Il suolo è la materia prima per i dottori agronomi e i dottori forestali e la crisi climatica è da anni al centro delle politiche dell’Ordine. La sostanza organica del suolo, infatti, rappresenta la più grande riserva di carbonio organico.
Il sistema suolo rappresenta un enorme serbatoio di carbonio (carbon sink) in grado di sequestrare la CO2 e ridurne la quantità che viene immessa nell’atmosfera.
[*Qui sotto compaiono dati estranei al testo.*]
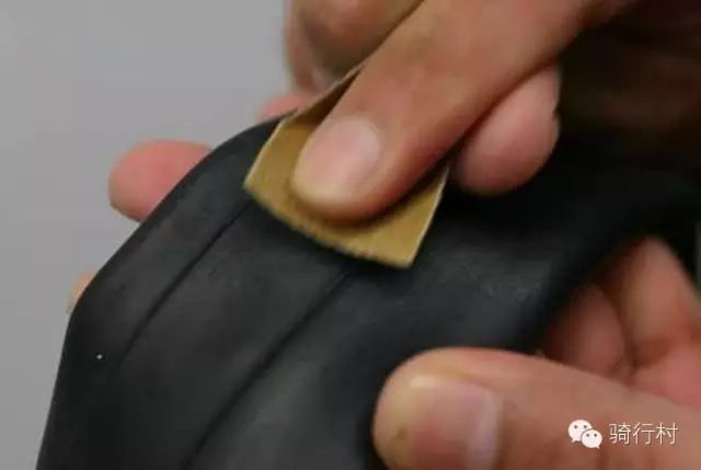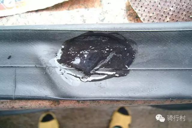 【5】涂上胶水补坡口:胶水不要太多,涂抹均匀。涂上胶后稍微干一下,须等其表面风乾,看起来是灰濛濛的、而不是水亮水亮的,才能贴上补胎片。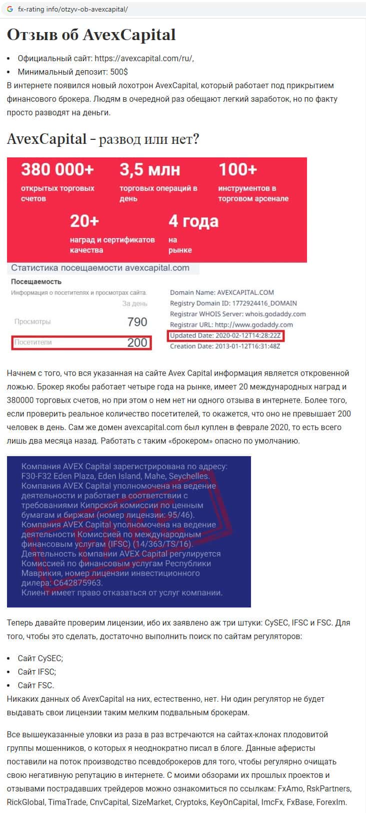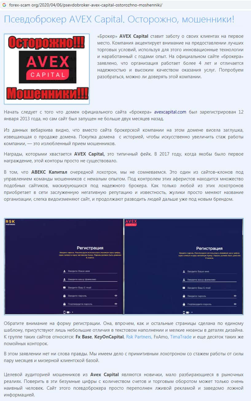 На веб-портале форекс-скам орг обнаружена статья-отзыв о мошеннической организации Авекс Капитал. Данный интернет-лохотрон рассчитан на неопытных трейдеров, а именно новичков. После того, как в интернете появляется слишком много негативной информации, аферисты сразу же начнут менять название своей конторы.

Tuttavia, quest’ultima utilissima funzione è sempre più messa a rischio.

Le tre vesti dell’agricoltura
Il mondo agricolo è implicato in tutti e 3 i ruoli:

  • è vittima degli effetti dei cambiamenti climatici
  • è produttore di gas serra
  • è attore per imparare a ridurre le emissioni

L’agricoltura è infatti responsabile di un quinto (il 21%) di tutte le emissioni antropiche di gas serra, mentre la deforestazione incide per un ulteriore 11%.
Allo stesso tempo ogni pianta coltivata o spontanea, agricola o forestale, assume anidride carbonica dall’aria e, con l’aiuto di luce solare e acqua, la converte in zuccheri, che vengono rilasciati nel terreno, dove alimentano i microrganismi. Questi microrganismi convertono il carbonio in forme più stabili.

Agricoltura conservativa
Constatare che una percentuale crescente di agricoltori sta adottando tecniche di agricoltura conservativa è più che apprezzabile: è da perseguire e stimolare.
Coltivazioni senza lavorazioni, rotazione delle colture, colture di copertura, riduzione dell’impiego di fitofarmaci e fertilizzanti, integrazione tra allevamento del bestiame, silvicoltura e coltivazioni sono tutte pratiche che sono efficaci sia per incorporare carbonio nel suolo, che per conservarlo al suo interno.
Un suolo degradato è un suolo meno produttivo e meno capace di assorbire carbonio.
Un suolo degradato amplifica l’attuale crisi climatica e aggrava i problemi di insicurezza alimentare.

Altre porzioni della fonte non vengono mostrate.